Les banalités raffinées de Wim Delvoye

Par Hauviette Bethemont

Wim Delvoye est l'un des rares artistes ayant eu droit aux  honneurs de la presse internationale. L'énorme médiatisation de sa machine à merde, poétiquement appelée Cloaca, a escamoté le reste d'une œuvre pleine d'humour surréaliste exposée actuellement au Musée d'Art Contemporain de Lyon.

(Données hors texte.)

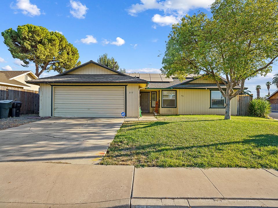 Welcome to this charming 3-bed, 2-bath corner home — a great fit for first-time buyers or a small family. The split-wing layout gives everyone their own space, while the open living areas keep things connected. The kitchen offers both a breakfast bar and a cozy nook that separates it from the living room, making it easy to cook, gather, and enjoy meals together. Two guest bedrooms and a full bath sit on one side of the home, while the primary suite is tucked away with his and her closets and its own private bath. Outside, a long backyard with a covered patio is ready for evening barbecues or weekend hangouts. An added benefit to the home is the solar panels. Families will love the quick drives to Los Robles Elementary, Bartlett Middle, and Granite Hills High, while nearby shopping, dining, and services make everyday errands simple and convenient.
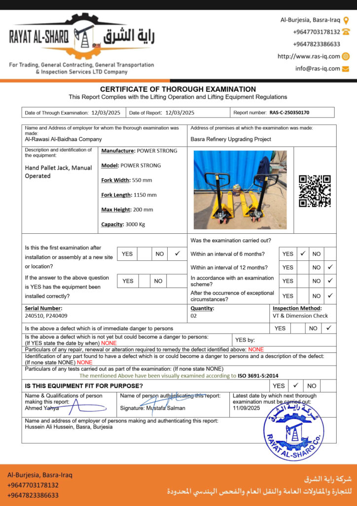 LIFTING INSPECTION
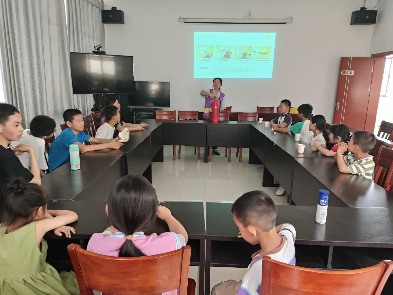 不止于此,为了让孩子们有更直观的体验,志愿者老师拿出灭火器,现场进行示范,耐心地讲解着灭火器的使用步骤和注意事项,然后手把手地教孩子们如何操作。孩子们跃跃欲试,纷纷上前尝试,在实践中掌握了这一重要的安全技能。
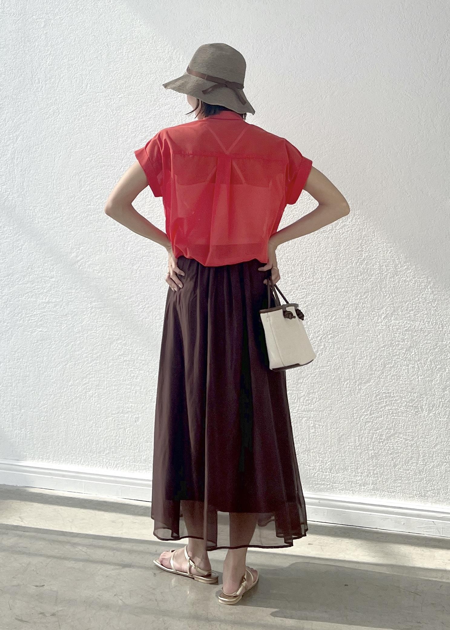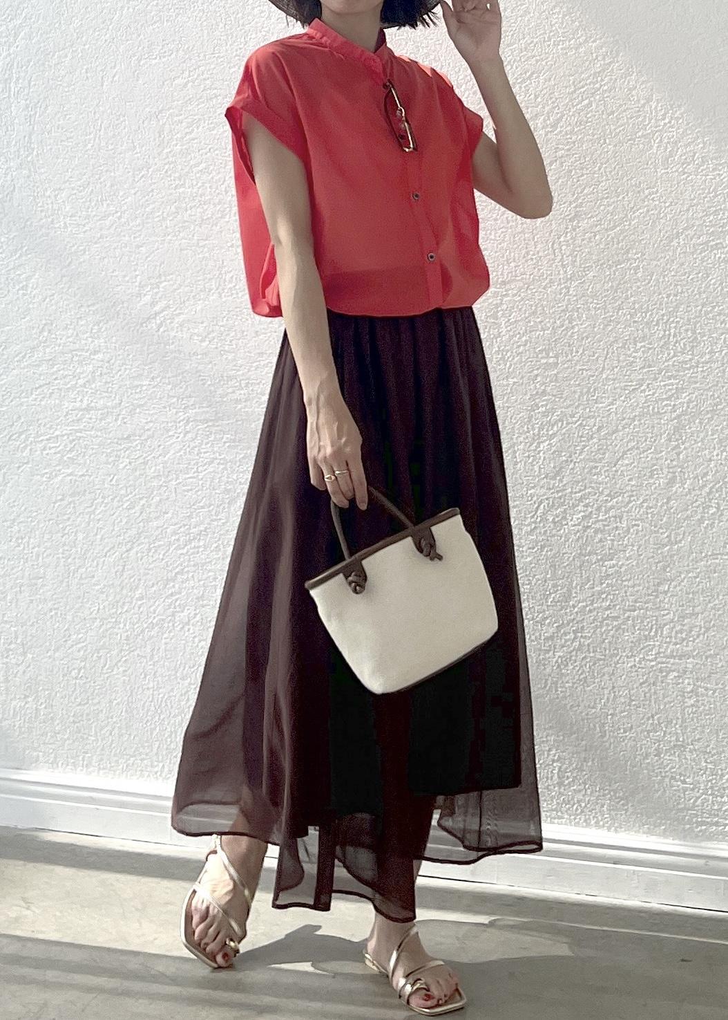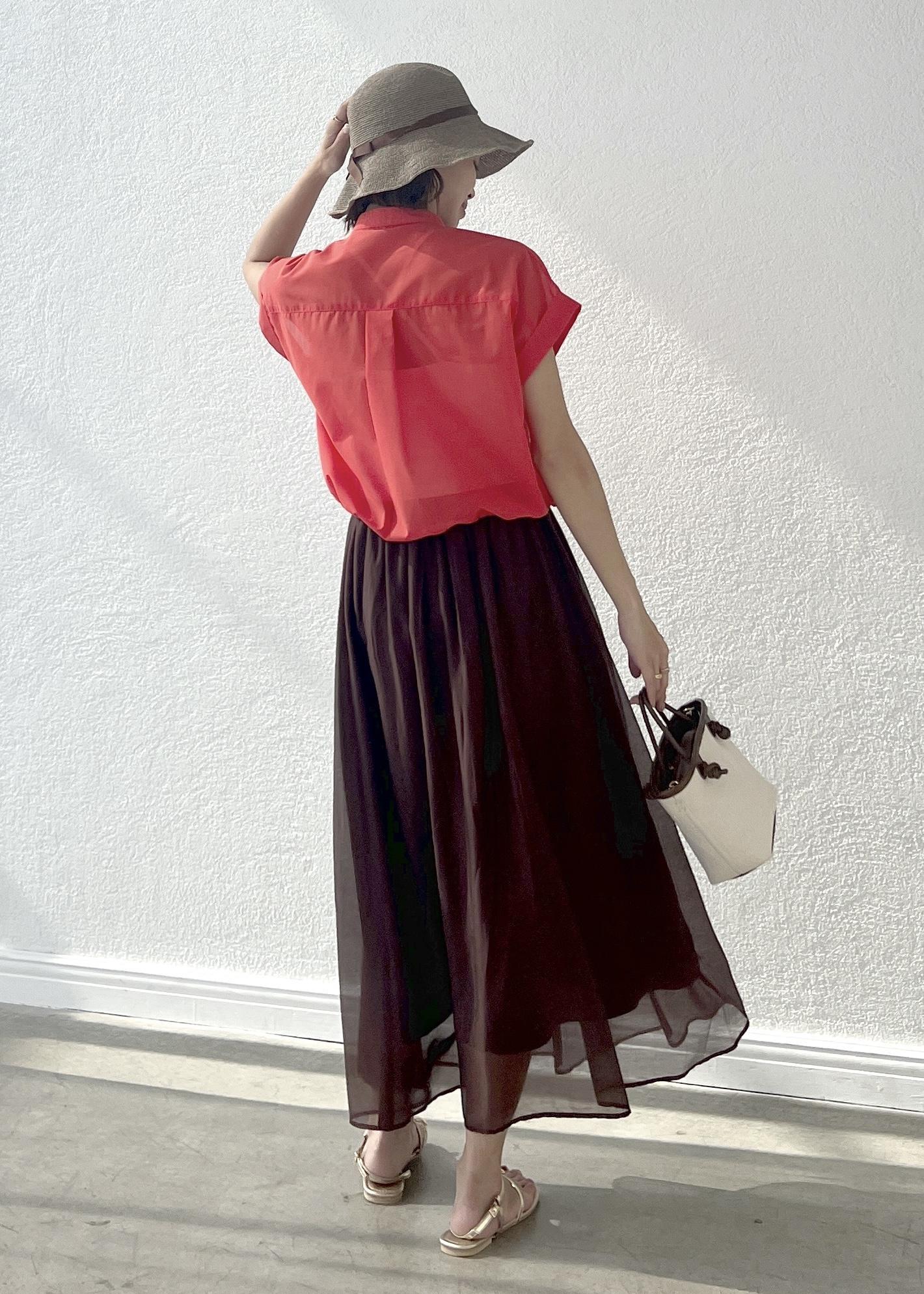 着るだけで華やかなオレンジのシアーシャツは、短丈なのでフレアスカートにも◎。
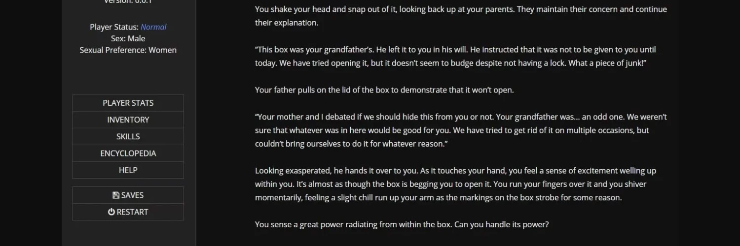 In this interactive novel—inspired by retro text adventures, dark literature, and nukige—you decide which path to follow.
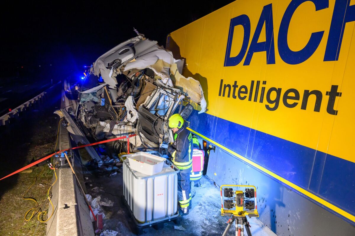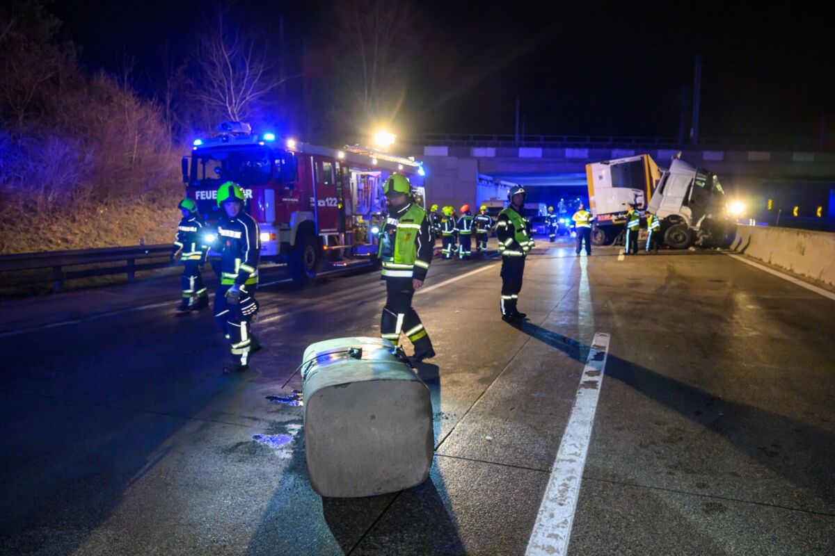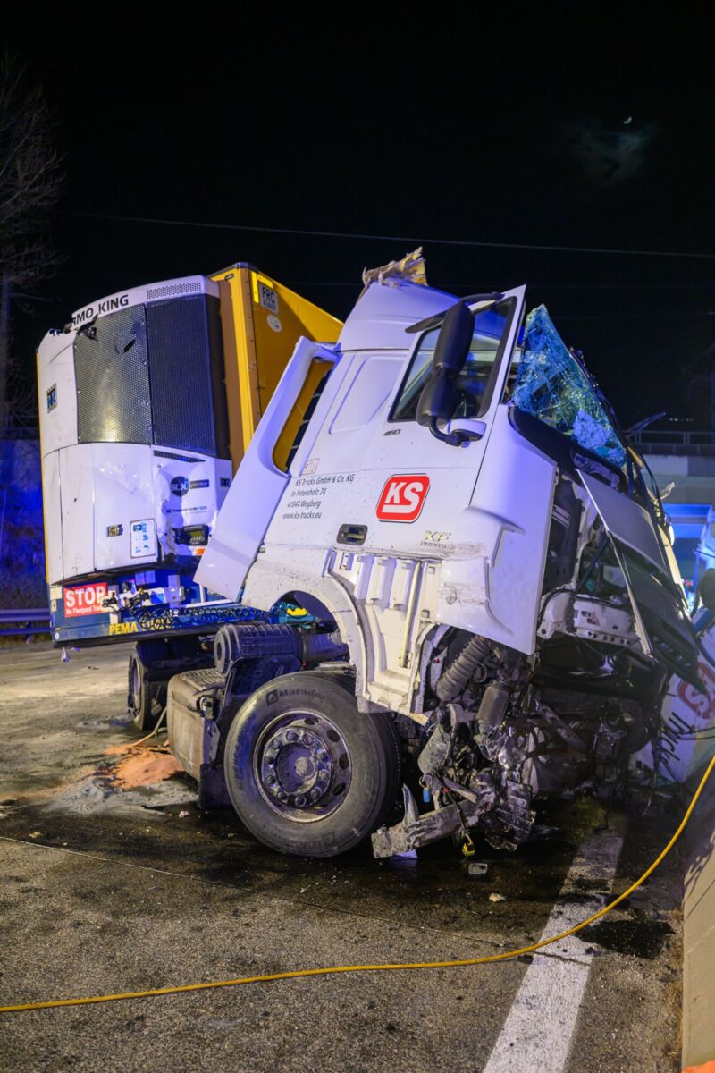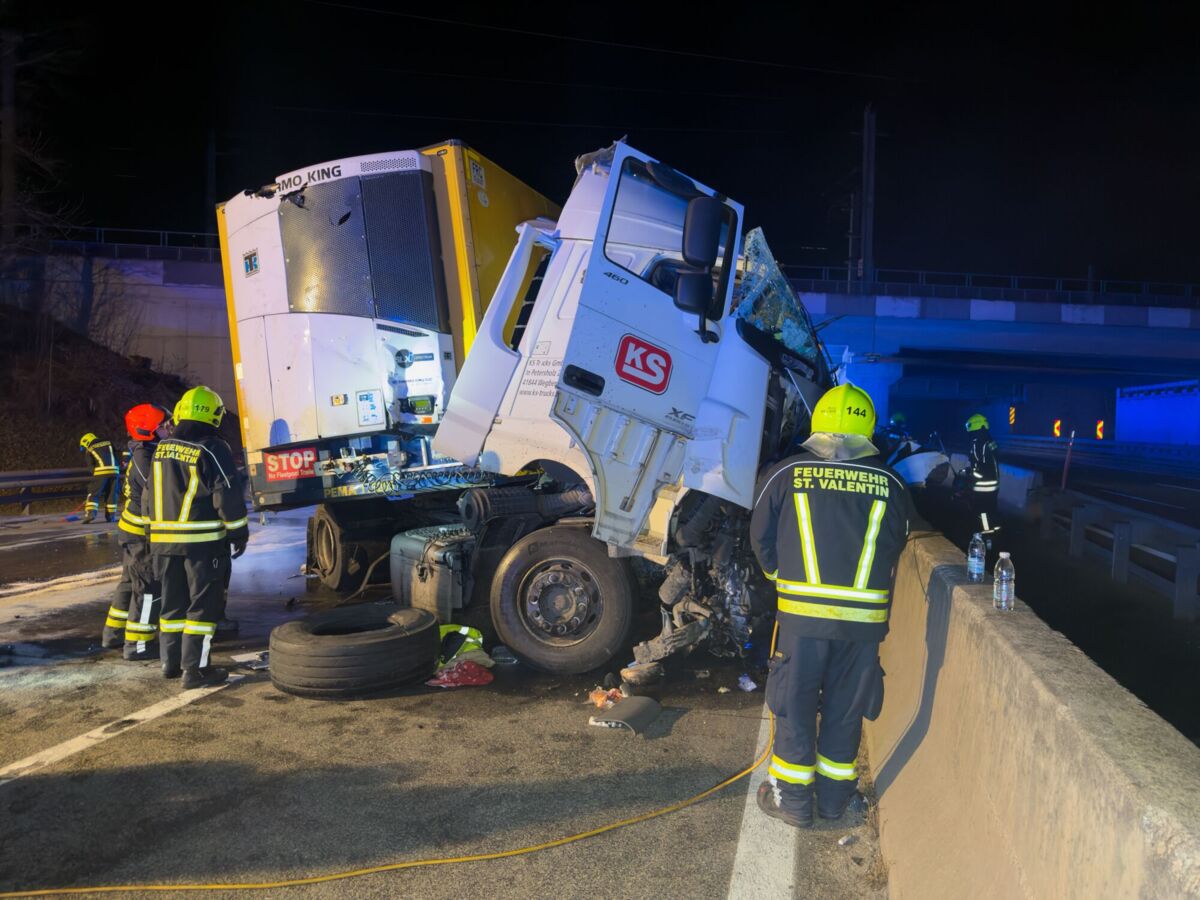 Nach ersten Informationen kollidierte ein Lkw-Lenker mit der Mittelleitschiene aus Beton. Die Zugmaschine wurde dabei schwer beschädigt und stark deformiert. Trotz des massiven Schadens konnte der Fahrer das Fahrzeug eigenständig verlassen, wie von den Einsatzkräften vor Ort berichtet wurde.

Cloaca est la star de l'exposition. La machine à merde, avec son aspect hygiéniste, ses bocaux et ses tubes a déjà fasciné les médias du monde entier. Sa lente digestion reconstituée jusqu'à son aboutissement final est après tout le dénominateur commun des populations de toutes races et de toute civilisation. Cette œuvre générique qui fonctionne à la manière d'un corps humain a connu le même succès aujourd'hui que le célèbre automate de Vaucanson en son temps. Une comparaison d'autant moins fortuite que Cloaca , est en soi une machine scientifiquement remarquable. L'artiste a en effet réussi son projet en s'entourant d'une équipe de médecins et le résultat aurait pu tout aussi bien se retrouver dans un musée des sciences humaines. Wim Delvoye l'a cependant porté dans le champ de l'art, le corps restant l'un des sujets de prédilection de ce dernier.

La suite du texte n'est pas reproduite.